東北大学大学院教育情報学研究部 渡部信一教授 Interview

東北大学大学院教育情報学研究部 教授

渡部 信一(わたべ・しんいち)


-渡部教授が取り組んでおられる「伝統芸能デジタル化・プロジェクト」について、その成果などを教えてください。

「伝統芸能デジタル化・プロジェクト」は2段階に分けることができます。2002年から2007年までの活動と2007年以降の活動です。2002年から2007年までは、神楽などの伝統芸能の舞を、モーションキャプチャーを活用して保存し、さらにそのデータをもとにCG化して継承支援に役立てる試みを行ってきました。八戸市の神楽士の方の協力をいただき、とても素敵な、完成度の高いモーションキャプチャーができました。神楽士の方にもその出来栄えには満足していただきましたし、継承支援にも一定の成果がありました。
しかし、それではまだ完全ではありませんでした。ご協力いただいた神楽士の方にも指摘を受けたのですが、2007年の段階でできたモーションキャプチャーは、神楽などの伝統芸能の「世界観」および師匠や神楽士の「思い」が、十分に伝わるものではなかったのです。そこで、2007年以降の活動では、その点のデジタル化に挑戦しました。神楽を舞う舞台や神楽が実際に行われる神社の境内の様子、さらには、江戸時代の八戸の街の様子などもデジタルによって表現しました。こうすることによって、デジタル化による、舞の「動き」の保存に留まらず、その背後にある「世界観」や神楽士の「思い」といったものも後世に伝えることができるようになりました。これらの活動は、拙著『日本の「わざ」をデジタルで伝える(大修館書店 2007)』にまとめたので、興味があったら読んでみて下さい。

「伝統芸能デジタル化・プロジェクト」を始めようと思ったきっかけを教えてください。

もともと私が基礎としている学問は「教育学」です。しかし私は「教育」を、一般的な「教える」という視点からではなく、「学ぶ」という視点からとらえることに関心がありました。そのようななかで注目したのが伝統芸能や民俗芸能です。日本の伝統芸能は、その継承の過程に特徴があります。師匠が弟子に対して一方的に「教える」のではなく、弟子の側から師匠の技を「学ぶ」という側面がみられるのです。
伝統芸能や民俗芸能は、非常にアナログな世界です。そのような世界に最先端のデジタルテクノロジーを持ち込むことにより、人間とテクノロジーの関係、自然とテクノロジーの関係など、さらには、教育現場にコンピュータやインターネットなどのテクノロジーを持ち込むことのメリットやデメリット、注意点を明らかにしようと思いました。そのような背景があり、「伝統芸能デジタル化・プロジェクト」をはじめました。

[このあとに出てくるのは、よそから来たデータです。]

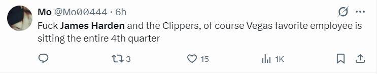 7.哈登作爲快船的球星,第四節不讓上fuxk,快船是不是跟拉斯維加斯在合作。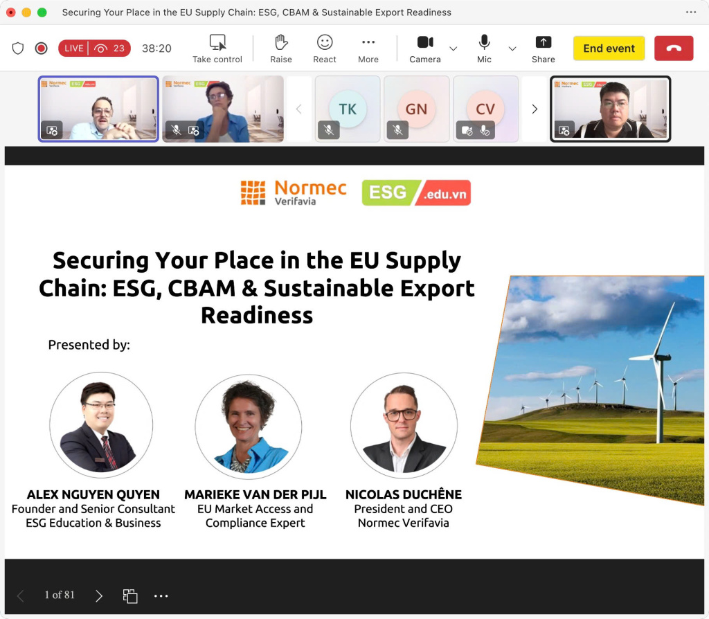 Sự kiện có sự tham gia trình bày của ba chuyên gia quốc tế là Ông Nguyễn Đình Quyền – Founder của ESG Education & Business, bà Marieke van der Pijl -Chuyên gia độc lập về khung pháp lý EU và Ông Nicolas Duchene – CEO của Normec Verifavia, tập trung vào những nội dung then chốt: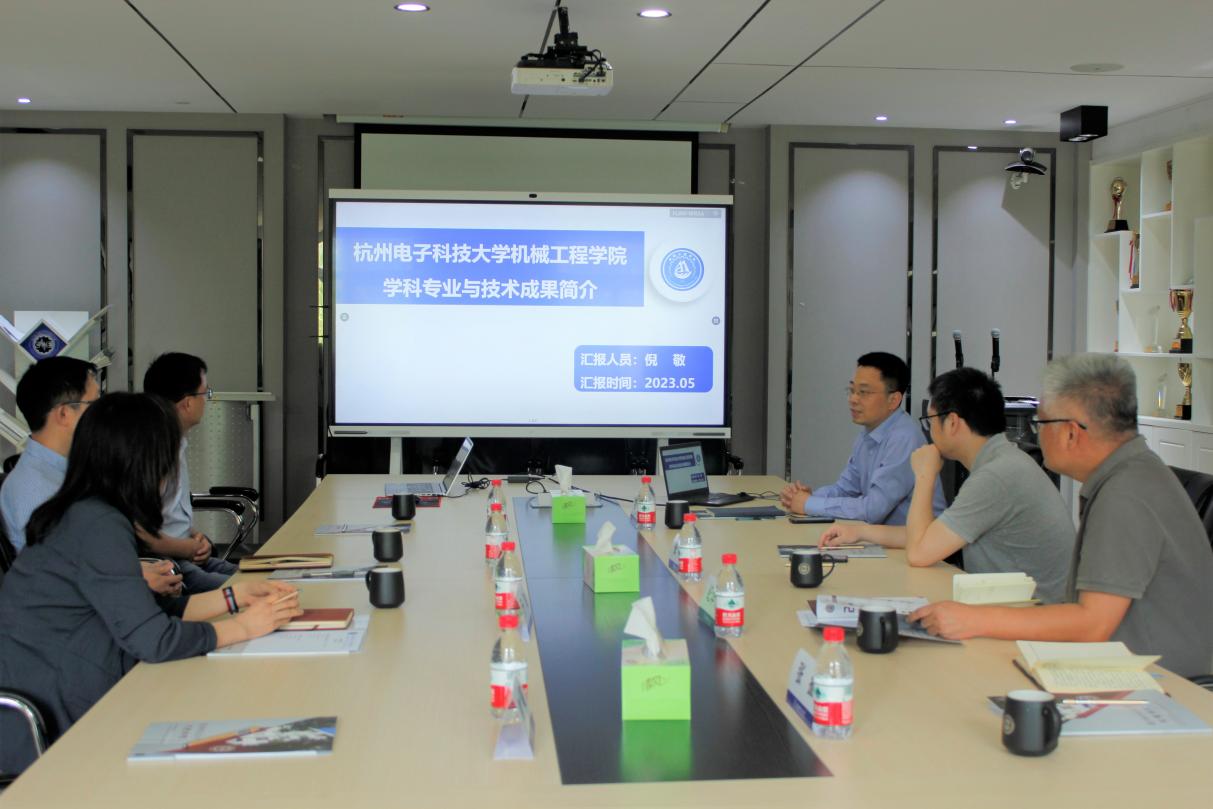 2023年5月16日,杭州电子科技大学机械工程学院院长倪敬、副院长纪华伟一行来色情动漫 调研交流。色情动漫 副院长朱栋、副院长于敏及教师代表参加交流会。会议由朱栋主持。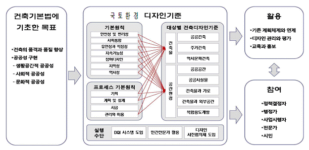또한 국토해양부는 민간전문가 활용, 효율적 발주방식 등의 실행지침으로 각종 건축물과 공간 환경에 적용될 바람직한 조성기법과 국내외 우수사례로 마련할 방침이다.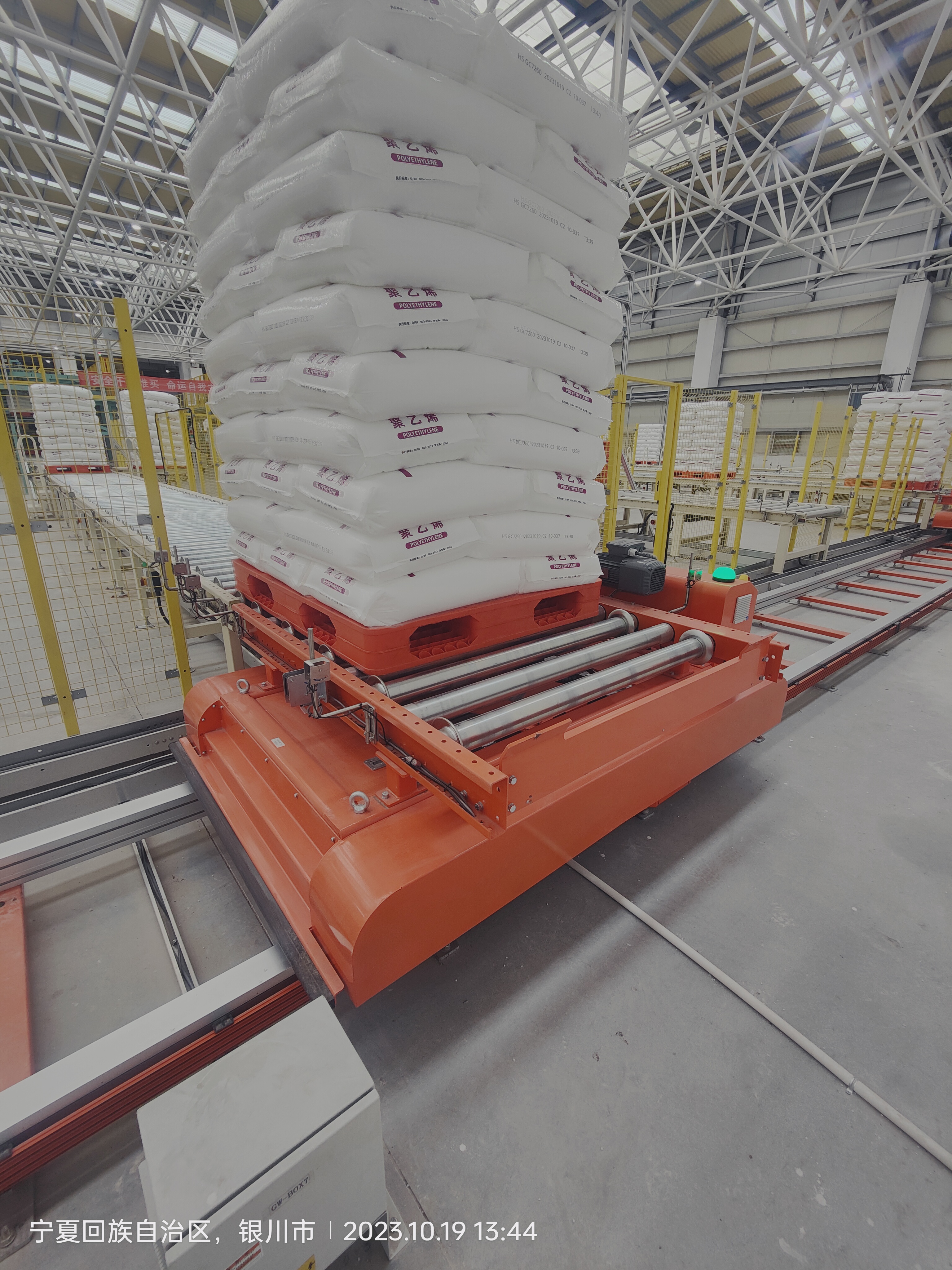 输送设备以链条机、辊筒机和移载机为主力,覆盖产线对接、火车发货、汽车发货三大核心区域,设备承载可达1.6吨,完美适配吨包物料的重载输送需求。其中,鸿安重载环形穿梭车成为系统高效运转的“心脏”,其行走速度达160米/分钟,加速度0.5m/s²,北库部署的34台环穿设备依托970米轨道形成闭环,南库24台环穿设备沿752米轨道运行,强大的调度能力保障了高流量物料的顺畅流转。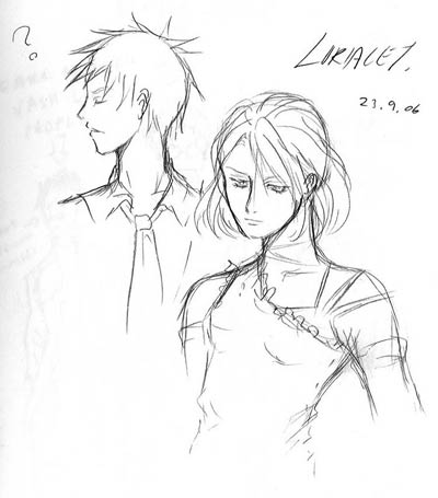 The following sketch was done by an artist known as H.Pop, something I only realized when I was scanning in these sketches. He could not draw on the spot so I was forced to find a random attendee for him to sketch. Unfortunately one of my friends from Perth stood still for enough time for H.Pop to create the following. He may not be a random stranger but it worked out in the end.
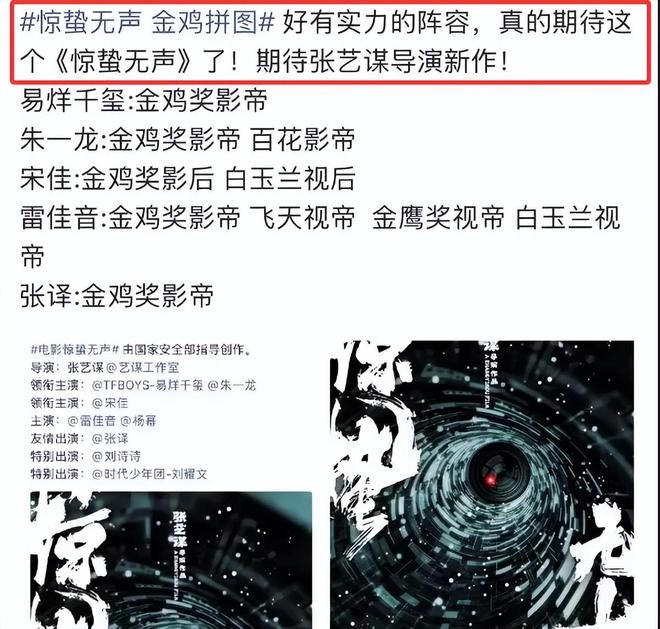 这边宋佳深陷舆论泥潭,那边张艺谋执导的《惊蛰无声》却借着金鸡奖的热度疯狂营销。影片专门打造了“金鸡拼图”的热搜词条,高调宣传电影阵容超强,班底无敌,四位金鸡影帝和一位金鸡影后加盟,试图借着奖项东风收割一波关注度。但明眼人都能看出,这背后的利益链条实在太过明显。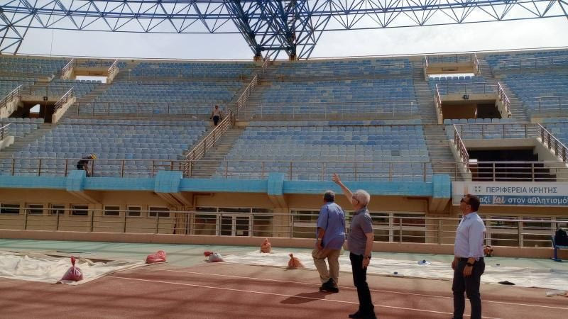 Αυτοψία στις εργασίες αναβάθμισης του Παγκρητίου Σταδίου που οδηγούν στην υψηλότερη κατηγορία της UEFA και εκτελούνται από την Αντιδημαρχία Αθλητισμού και την Ανάπτυξη Αθλητισμού Ηρακλείου Α.Ε Ο.Τ.Α., με την υποστήριξη της Περιφέρειας Κρήτης, πραγματοποίησε ο Δήμαρχος Ηρακλείου Αλέξης Καλοκαιρινός μαζί με τον Αντιδήμαρχο Άθλησης & Αθλητισμού και Πρόεδρο της Α.Α.Η Γιάννη Τσαπάκη και τον Διευθυντή των Αθλητικών Κέντρων του Δήμου Δημήτρη Τσιράκο.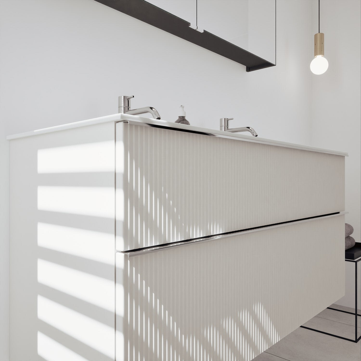 burgbad Fiumo 2.0 Badmöbelset 122 cm mit Waschtisch mit Unterschrank mit Griff G0146 und Spiegelschrank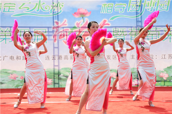 荷之形,亭亭玉立、搖曳多姿,代表著生態(tài)自然、秀外慧中的云臺形象。緊接著荷文化文藝匯演在精彩的開場鼓《盛世鼓舞》節(jié)目后正式拉開帷幕。本次荷花節(jié)的宣傳亮點是開通了連云港手機臺全程直播,吸引了3萬多名游客在網(wǎng)上收看荷花節(jié)直播盛況。開幕式還特別邀請了連云港市廣播電視臺著名主持人李華參與主持,音樂人王從鍵和交通廣播主持人小海分別送上了動聽的歌曲。接下來,大家一起欣賞了淮海戲折子戲《回娘家》、非遺項目海州五大宮調(diào)《一輪明月》、武術(shù)表演《臥虎藏龍》、農(nóng)場公司舞蹈《花樣年華》等節(jié)目,贏得了現(xiàn)場嘉賓及游客的陣陣掌聲。演出現(xiàn)場還穿插了紅包雨、幸運游客抽獎等互動環(huán)節(jié),吸引了眾多游客熱情參與,現(xiàn)場氛圍十分活躍。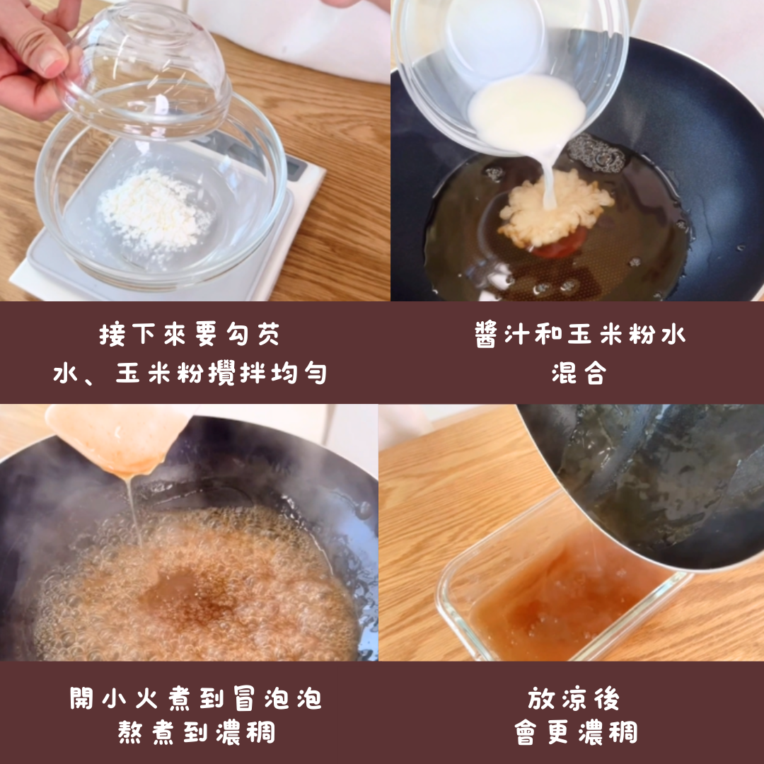 ''先把火關掉再加澱粉水,攪拌均勻再開火,以免結塊''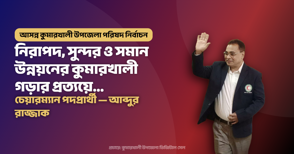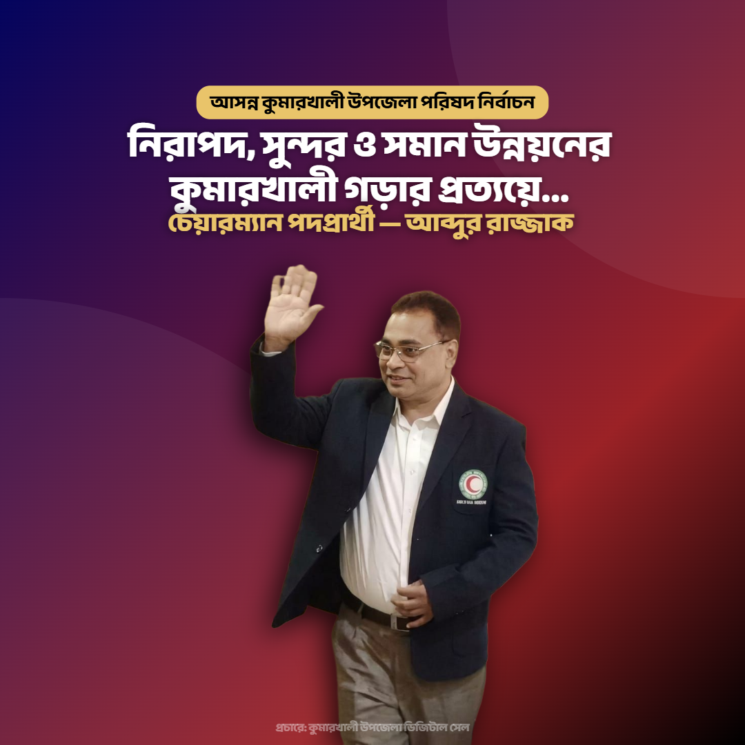 আমি বিশ্বাস করি, আপনাদের ভালোবাসা ও দোয়া সঙ্গে থাকলে কুমারখালীকে গড়ে তোলা সম্ভব একটি আধুনিক, প্রযুক্তিনির্ভর ও উন্নত উপজেলা হিসেবে; যেখানে তরুণ প্রজন্মের শক্তি হবে উন্নয়নের চালিকাশক্তি, আর নাগরিক সেবা পৌঁছে যাবে প্রতিটি ইউনিয়ন ও প্রতিটি মানুষের দোরগোড়ায়।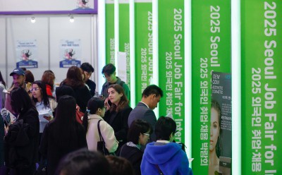 | [서울=뉴스핌] 류기찬 기자 = 20일 오후 서울 강남구 세텍 서울무역전시장에서 열린 '외국인 취업·채용 박람회'를 찾은 구직자들이 채용공고 게시대를 살펴보고 있다. 2025.11.20 ryuchan0925@newspim.com |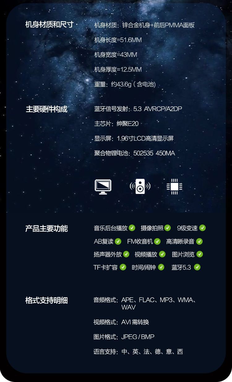 • 쿨 블랙 전용 모델, 사진 촬영 가능 + IPS 스크린 + 블루투스 + 외부 재생 가능

今後の、「伝統芸能デジタル化・プロジェクト」の展望について教えてください。

現在取り組んでいるのは、東日本大震災により被害を受けた地域の伝統芸能・民俗芸能の保護活動です。震災による人的被害や物的被害により、多くの文化財が被害をうけました。そのなかで、有形文化財は一定の保存活動が行われ、保護がなされています。一方で、無形文化財は、その性格上なかなか保存活動に至りません。そこで、いままでの、モーションキャプチャーを用いた伝統芸能・民俗芸能の保存活動で得たものを、この活動に活かすことで、それぞれの地域に昔からある無形文化財を保存していければな、と思っています。

人物紹介

渡部 信一(わたべ・しんいち)
東北大学大学院教育情報学研究部 教授、博士(教育学)。
神楽、ハワイアンフラ、中国雑伎、韓国伝統舞踊など、様々な伝統芸能や民俗芸能を対象として、モーションキャプチャを活用することにより保存・継承(教育)支援することが目的とした、「伝統芸能デジタル化・プロジェクト」に取り組んでいる。
その他にも、デジタル、日本文化などを対象に、「超デジタル化時代」の知的スタイルを提案する活動を行っている。